• _YOUR GOAL_: All that is needed is the run of lines from the top of the entries to the line with "any seasonal look.", that line included, repeated exactly and free of pictures.

• _DATA EXTRACT_:
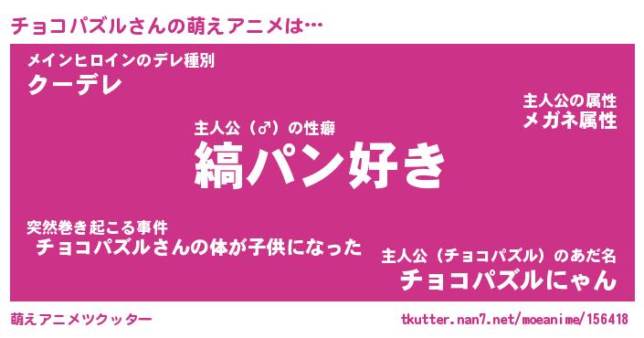 | 男性向けラノベタイトル風あだ名 | 『チョコパズルの憂鬱』 |
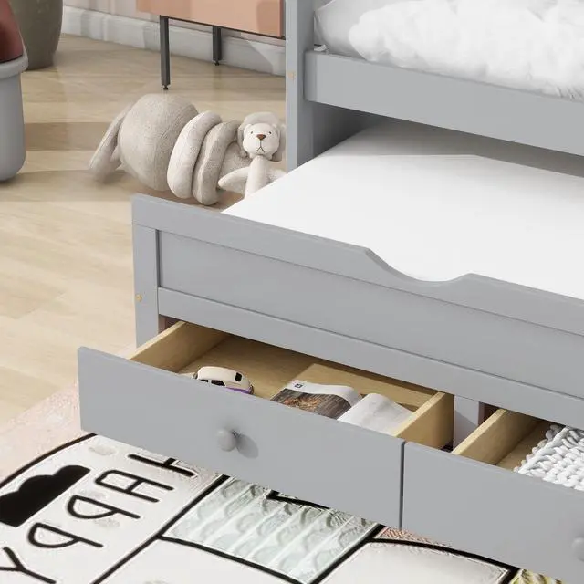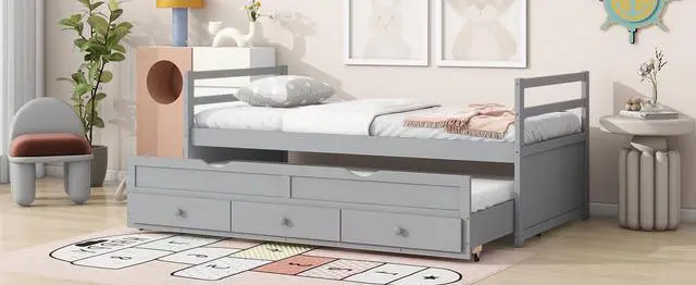 #3 [Robust and Reliable Construction] Constructed mainly from superior quality solid pine wood, enhanced by the strengthened slats for both the bed and trundle platforms, the three drawers are equipped with metal three rails for smooth and quick sliding, while the trundle with built-in premium wheels for convenient pulling and pushing.
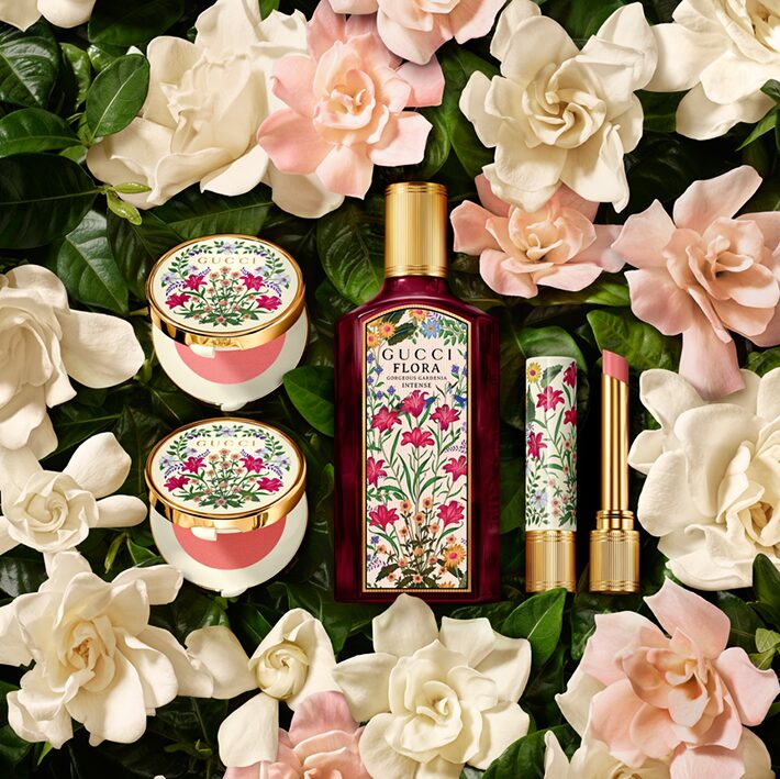 Gucci Beauty celebra la fragranza iconica Gucci Flora Gorgeous Gardenia Intense con una linea esclusiva di rossetti e blush, tra fiori, colori e pura gioia
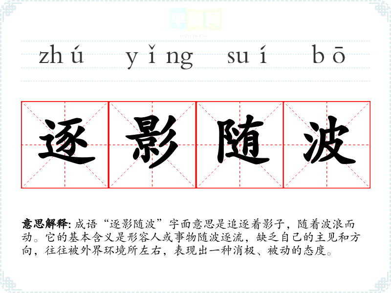 成语“逐影随波”字面意思是追逐着影子,随着波浪而动。它的基本含义是形容人或事物随波逐流,缺乏自己的主见和方向,往往被外界环境所左右,表现出一种消极、被动的态度。
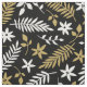 Denna moderna julväv har en ren botanisk mönster av vita och guld löv och blommor på svart bakgrund. Använda för helgdag-, inrednings- eller hantverksprojekt. Från våra hjärtan till era, Glad helg!
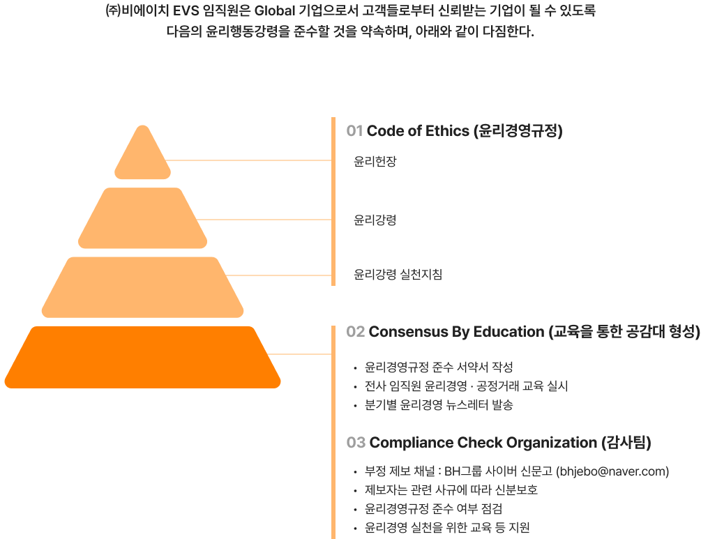 앞으로 우리 ㈜비에이치 EVS는 글로벌 최고 수준의 윤리경영 실천을 향해 계속 매진해 나갈 것입니다. 윤리경영을 선도하며 ‘Global leading No.1 Company’로 성장 ∙ 발전하는 ㈜비에이치 EVS에 끊임없는 관심과 성원 부탁드립니다.
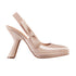 • The Sweet-D slingback pump combines elegance and modernity. The nude patent calfskin upper is subtly contrasted by a slingback strap in shiny calfskin enhanced by a gold-tone Christian Dior Paris signature and tonal flat bow. The 10.5 cm (4) thick comma heel and 1.5 cm (0.5) platform add a refined touch to any seasonal look.
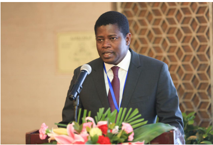Mankeur Ndiaye, Ambassador of the Republic of Senegal to China delivers an address
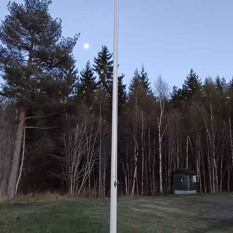 Flaggstang 12 meter glassfiber stang hengsel må sveises. Festet røk under en storm. Må sveises sammen igjen. Med hengselet feste for å enkelt ta ned og opp flaggstangen. Selges fordelaktig da festet må sveises. Kan og brukes slik den er men er da mere knotete å ta ned og opp igjen. For flaggline bytte. Flaggstanga er skrudd ned og klar for avhenting
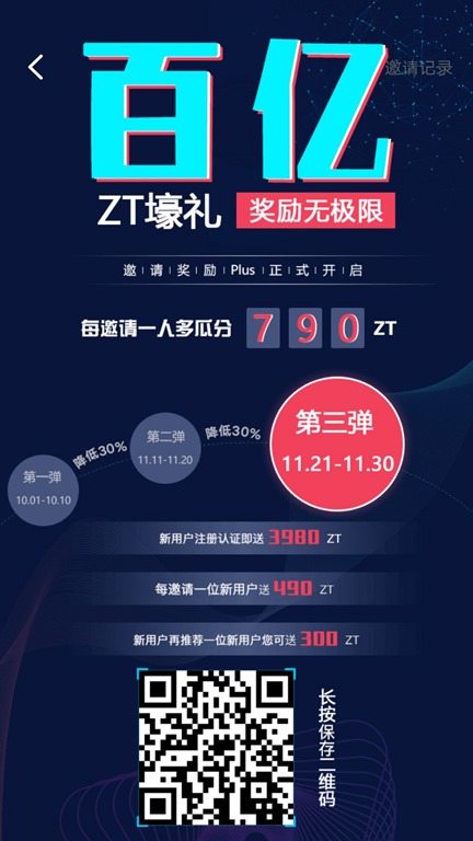活动期间,用户注册即可获得ZT币,完成实名认证享四倍ZT币,推荐好友加入ZT.COM,推荐人除常规积分奖励外,好友再推新人,
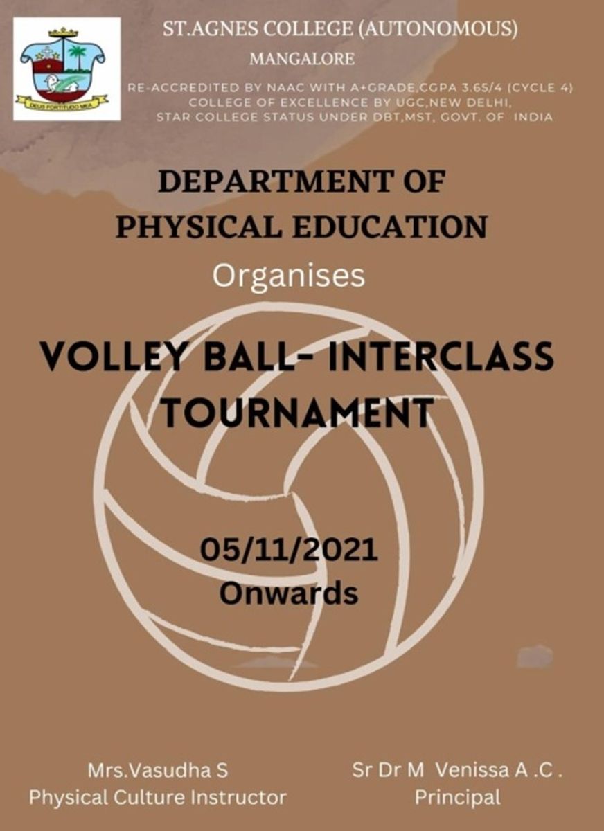 The Department of Physical Education, St Agnes College (Autonomous), Mangaluru hosted an Interclass Volleyball Tournament on 5 November 2021, where 192 students participated, with each class having 12 participants.
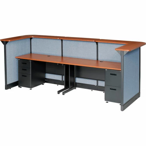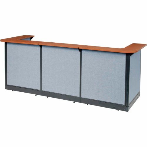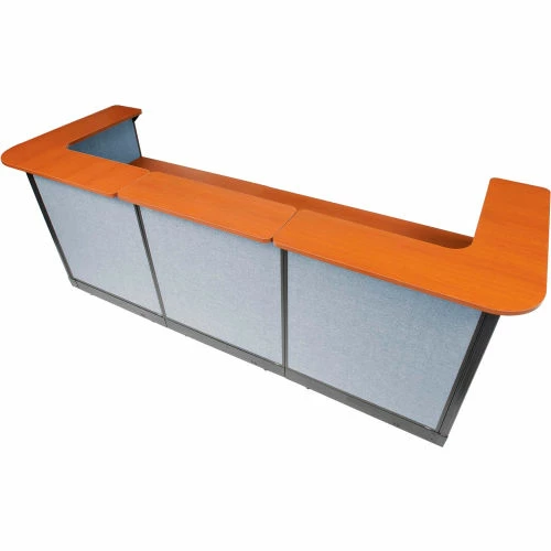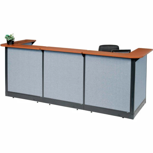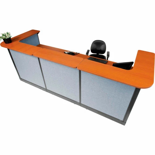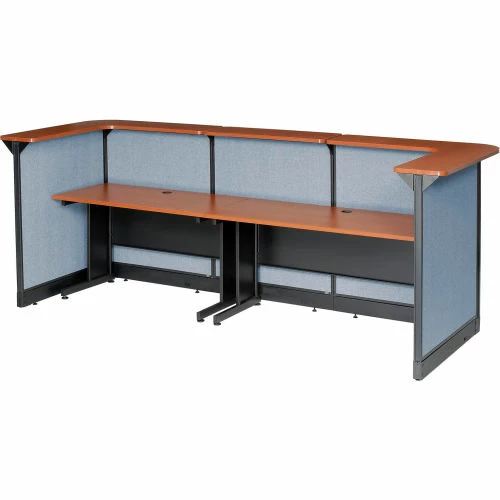 Interion By Global Industrial Interion® U-Shaped Reception Station w/Raceway 124"W x 44"D x 46"H Cherry Counter Blue Panel
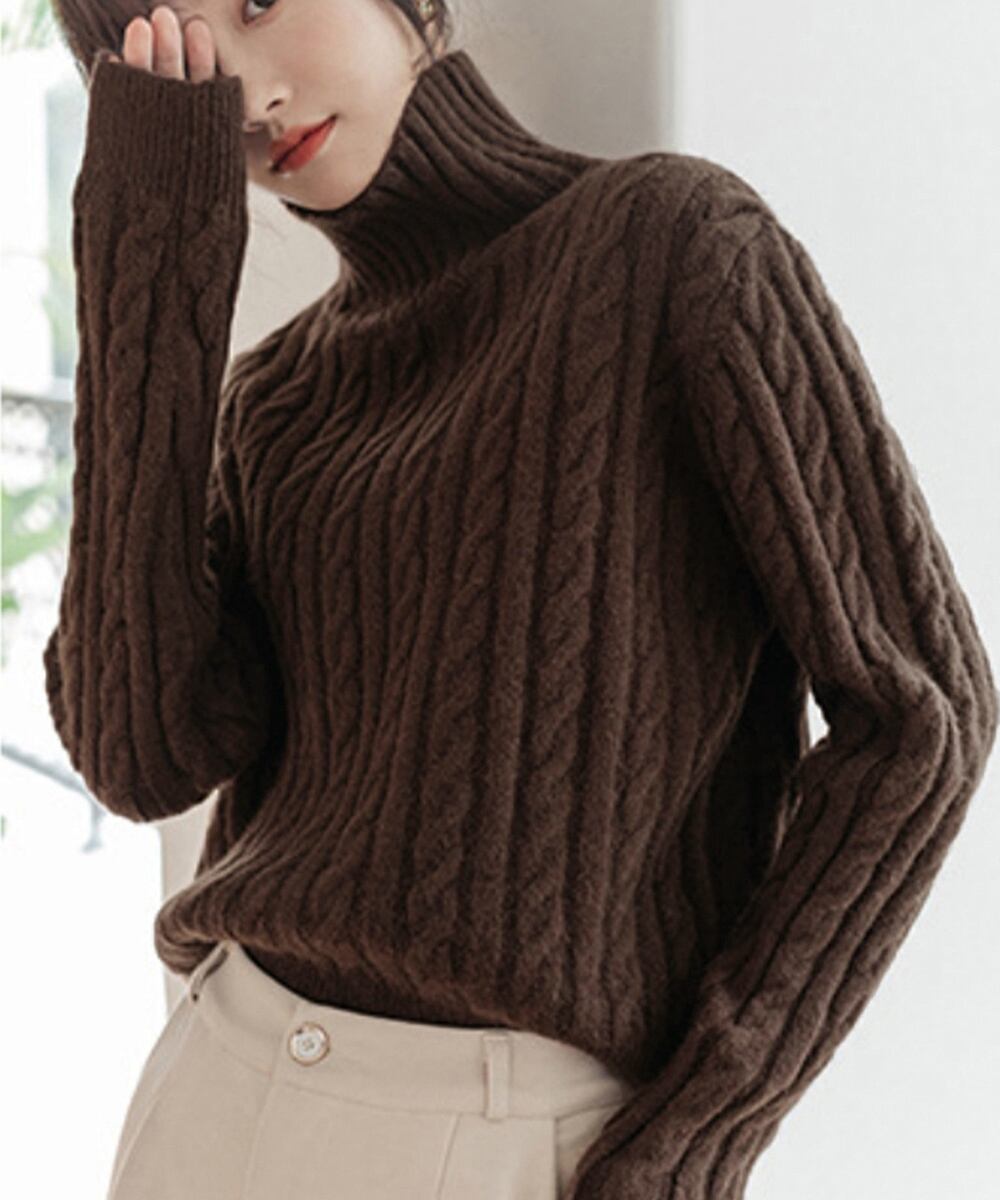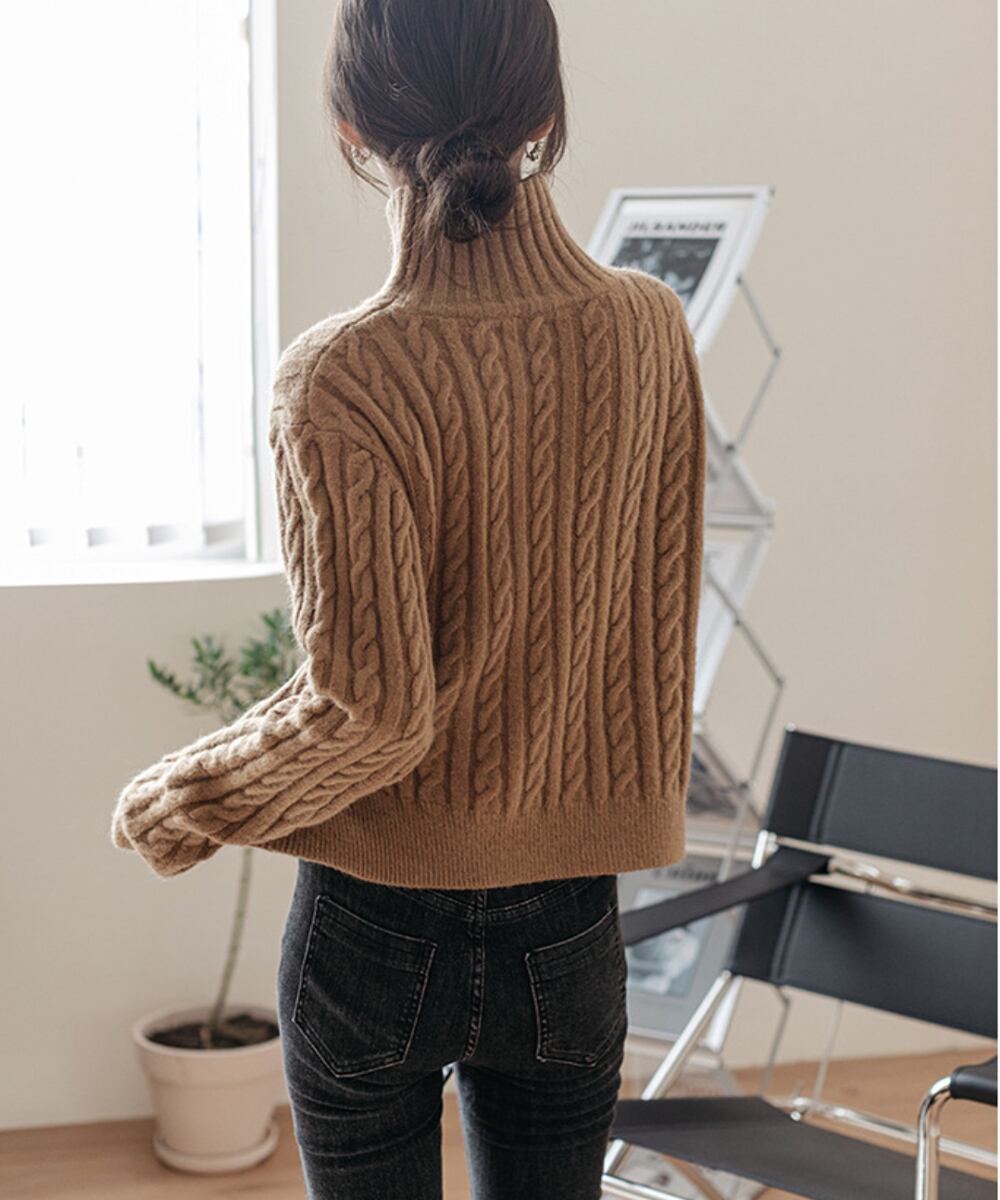 タートルネックが首元を暖かく包み込み、寒い季節に最適です。
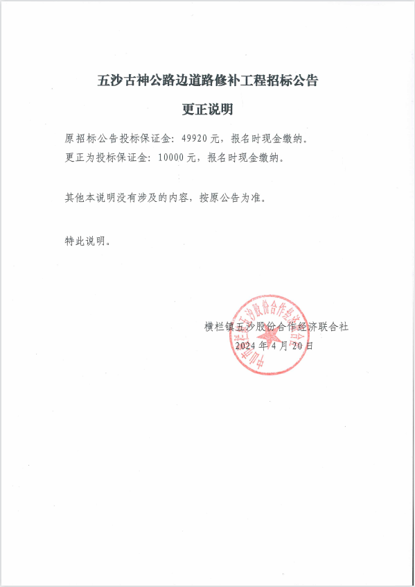 五沙古神公路边道路修补工程招标公告更正说明
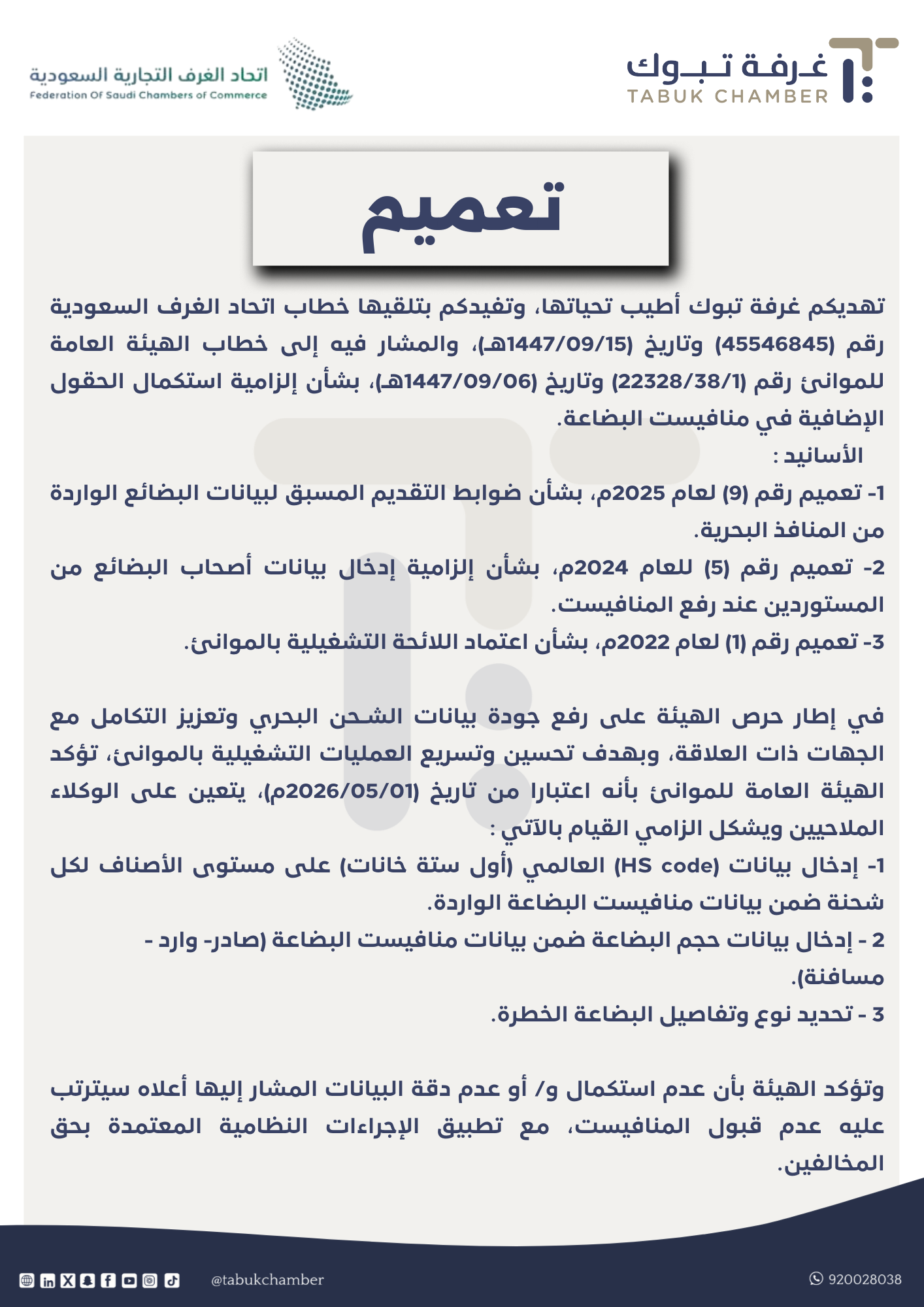 تهديكم غرفة تبوك أطيب تحياتها، وتفيدكم بتلقيها خطاب اتحاد الغرف السعودية رقم (45546845) وتاريخ (1447/09/15هـ)، والمشار فيه إلى خطاب الهيئة العامة للموانئ رقم (22328/38/1) وتاريخ (1447/09/06هـ)، بشأن إلزامية استكمال الحقول الإضافية في منافيست البضاعة. الأسانيد : 1- تعميم رقم (9) لعام 2025م، بشأن ضوابط التقديم المسبق لبيانات البضائع الواردة من المنافذ البحرية. 2- تعميم رقم (5) للعام 2024م، بشأن إلزامية إدخال بيانات أصحاب البضائع من المستوردين عند رفع المنافيست. 3- تعميم رقم (1) لعام 2022م، بشأن اعتماد اللائحة التشغيلية بالموانئ. في إطار حرص الهيئة على رفع جودة بيانات الشـحن البحري وتعزيز التكامل مع الجهات ذات العلاقة، وبهدف تحسين وتسريع العمليات التشغيلية بالموانئ، تؤكد الهيئة العامة للموانئ بأنه اعتبارا من تاريخ (2026/05/01م)، يتعين على الوكلاء الملاحيين ويشكل الزامي القيام بالآتي : 1- إدخال بيانات (HS code) العالمي (أول ستة خانات) على مستوى الأصناف لكل شحنة ضمن بيانات منافيست البضاعة الواردة. 2 - إدخال بيانات حجم البضاعة ضمن بيانات منافيست البضاعة (صادر- وارد - مسافنة). 3 - تحديد نوع وتفاصيل البضاعة الخطرة. وتؤكد الهيئة بأن عدم استكمال و/ أو عدم دقة البيانات المشار إليها أعلاه سيترتب عليه عدم قبول المنافيست، مع تطبيق الإجراءات النظامية المعتمدة بحق المخالفين.

• _SOLUTION TO THE PROBLEM_:
 | 男性向けラノベタイトル風あだ名 | 『チョコパズルの憂鬱』 |
 #3 [Robust and Reliable Construction] Constructed mainly from superior quality solid pine wood, enhanced by the strengthened slats for both the bed and trundle platforms, the three drawers are equipped with metal three rails for smooth and quick sliding, while the trundle with built-in premium wheels for convenient pulling and pushing.
 Gucci Beauty celebra la fragranza iconica Gucci Flora Gorgeous Gardenia Intense con una linea esclusiva di rossetti e blush, tra fiori, colori e pura gioia
 成语“逐影随波”字面意思是追逐着影子,随着波浪而动。它的基本含义是形容人或事物随波逐流,缺乏自己的主见和方向,往往被外界环境所左右,表现出一种消极、被动的态度。
 Denna moderna julväv har en ren botanisk mönster av vita och guld löv och blommor på svart bakgrund. Använda för helgdag-, inrednings- eller hantverksprojekt. Från våra hjärtan till era, Glad helg!
 앞으로 우리 ㈜비에이치 EVS는 글로벌 최고 수준의 윤리경영 실천을 향해 계속 매진해 나갈 것입니다. 윤리경영을 선도하며 ‘Global leading No.1 Company’로 성장 ∙ 발전하는 ㈜비에이치 EVS에 끊임없는 관심과 성원 부탁드립니다.
 • The Sweet-D slingback pump combines elegance and modernity. The nude patent calfskin upper is subtly contrasted by a slingback strap in shiny calfskin enhanced by a gold-tone Christian Dior Paris signature and tonal flat bow. The 10.5 cm (4) thick comma heel and 1.5 cm (0.5) platform add a refined touch to any seasonal look.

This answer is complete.